Explore Amazon MWAA network architecture

The following section describes the main components that make up an Amazon MWAA environment, and the set of Amazon services that each environment integrates with to manage its resources, keep your data secure, and provide monitoring and visibility for your workflows.

Amazon MWAA components

Amazon MWAA environments consist of the following four main components:

  1. Scheduler — Parses and monitors all of your DAGs, and queues tasks for execution when a DAG's dependencies are met. Amazon MWAA deploys the scheduler as a Amazon Fargate cluster with a minimum of 2 schedulers. You can increase the scheduler count up to five, depending on your workload. For more information about Amazon MWAA environment classes, see Amazon MWAA environment class.

  2. Workers — One or more Fargate tasks that runs your scheduled tasks. The number of workers for your environment is determined by a range between a minimum and maximum number that you specify. Amazon MWAA starts auto-scaling workers when the number of queued and running tasks is more than your existing workers can handle. When running and queued tasks sum to zero for more than two minutes, Amazon MWAA scales back the number of workers to its minimum.

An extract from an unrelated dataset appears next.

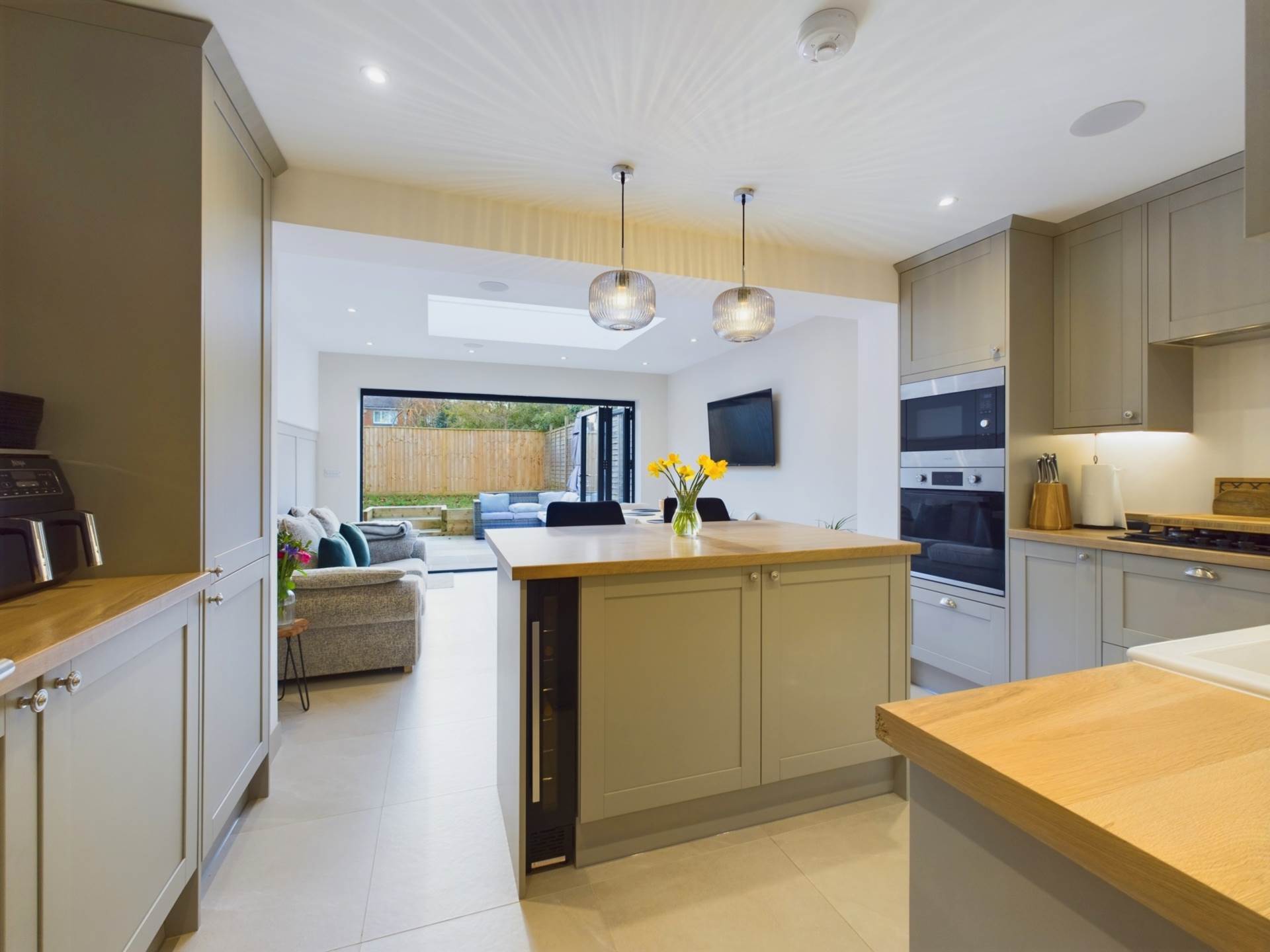 Stunningly presented two double bedroom semi detached house, just a five minute walk from Wendover train station, situated at the bottom of a quiet no through road. The property has been tastefully extended and refurbished by the current owners in the last 18 months. The accommodation comprises of a superb open plan kitchen / family area with large lantern letting in lots of light. There is under floor heating throughout this area, as well as the entire downstairs. The kitchen enjoys integrated oven, hob, fridge, freezer, dishwasher and washing machine. There is an island unit too. The downstairs also has a good size living room to the front as well as downstairs WC. The first floor has a large double bedroom to the front, second double bedroom to the rear and a well appointed family bathroom. Outside the private rear garden has been well landscaped and has an excellent size seating area with steps leading up to a raised lawn area. There is good side access leading to the driveway, where there is parking for comfortably two vehicles. An appointment to view is essential to fully appreciate this lovely home.
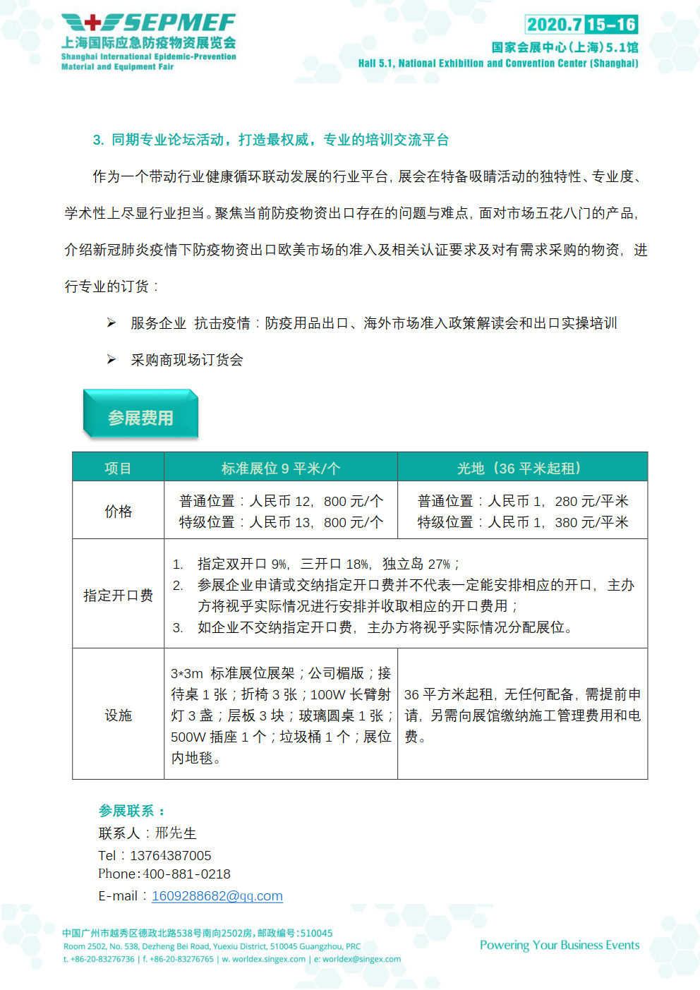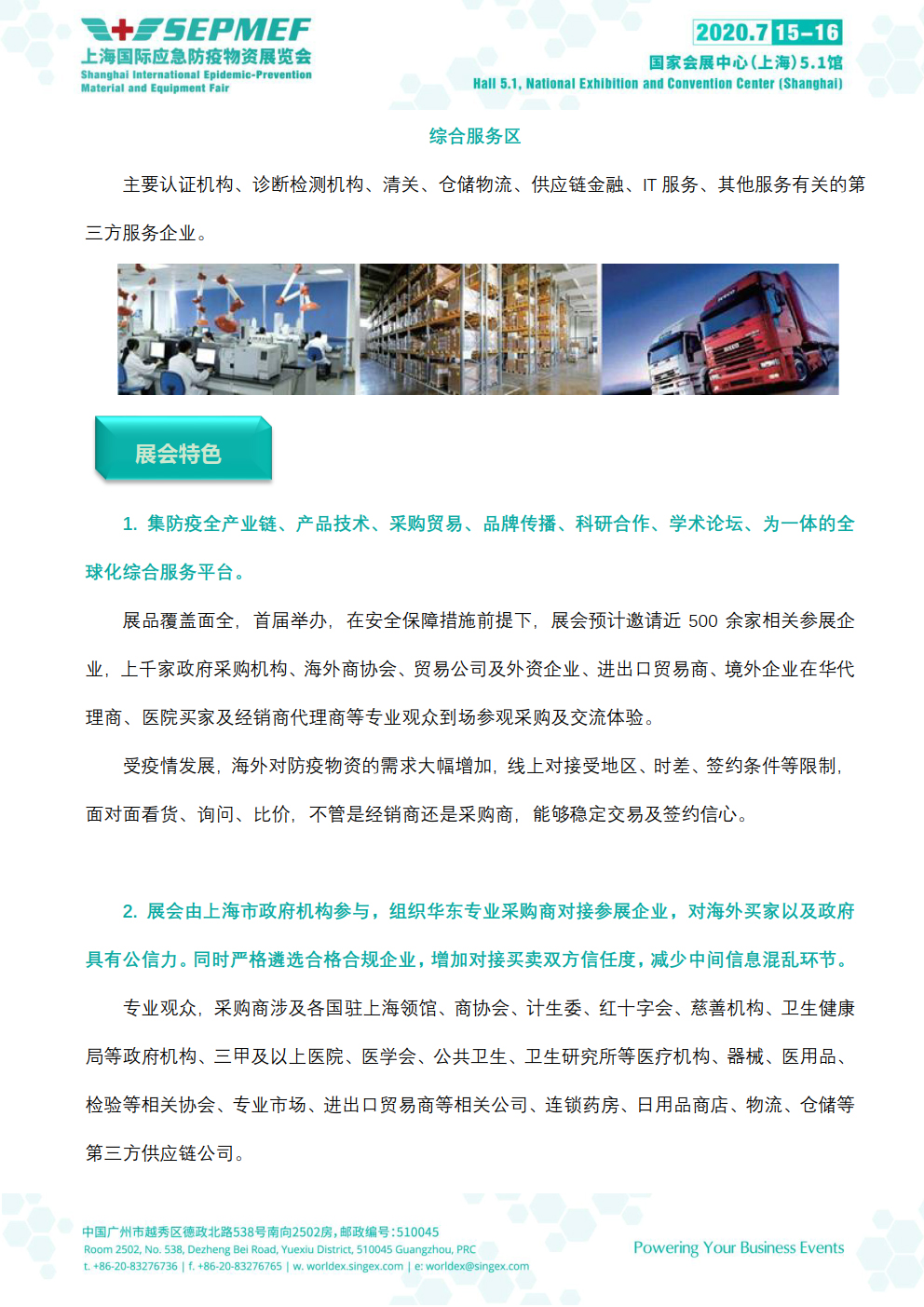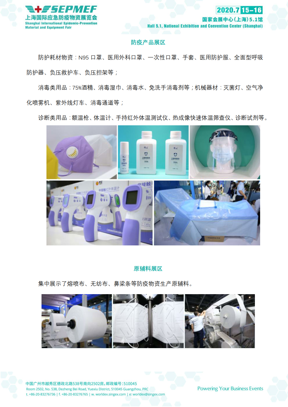 在此基础上,应广大展商要求,大会主办方世展和新展联合展览(广州)有限公司联合中 国国际商会上海商会(上海国际商会)等相关上海政府机构,将于2020年7月15、16日于国家会 展中心(上海·虹桥)共同举办上海国际应急防疫物资展览会。

For more information about how Amazon MWAA handles auto-scaling workers, see Amazon MWAA automatic scaling.

  3. Web server — Runs the Apache Airflow web UI. You can configure the web server with private or public network access. In both cases, access to your Apache Airflow users is controlled by the access control policy you define in Amazon Identity and Access Management (IAM). For more information about configuring IAM access policies for your environment, see Accessing an Amazon MWAA environment.

  4. Database — Stores metadata about the Apache Airflow environment and your workflows, including DAG run history. The database is a single-tenant Aurora PostgreSQL database managed by Amazon, and accessible to the Scheduler and Workers' Fargate containers via a privately-secured Amazon VPC endpoint.

Every Amazon MWAA environment also interacts with a set of Amazon services to handle a variety of tasks, including storing and accessing DAGs and task dependencies, securing your data at rest, and logging and monitoring you environment. The following diagram demonstrates the different components of an Amazon MWAA environment.

This image shows the architecture of an Amazon MWAA environment.
Note

The service Amazon VPC is not a shared VPC. Amazon MWAA creates an Amazon owned VPC for every environment you create.

  • Amazon S3 — Amazon MWAA stores all of your workflow resources, such as DAGs, requirements, and plugin files in an Amazon S3 bucket. For more information about creating the bucket as part of environment creation, and uploading your Amazon MWAA resources, see Create an Amazon S3 bucket for Amazon MWAA in the Amazon MWAA User Guide.

  • Amazon SQS — Amazon MWAA uses Amazon SQS for queueing your workflow tasks with a Celery executor.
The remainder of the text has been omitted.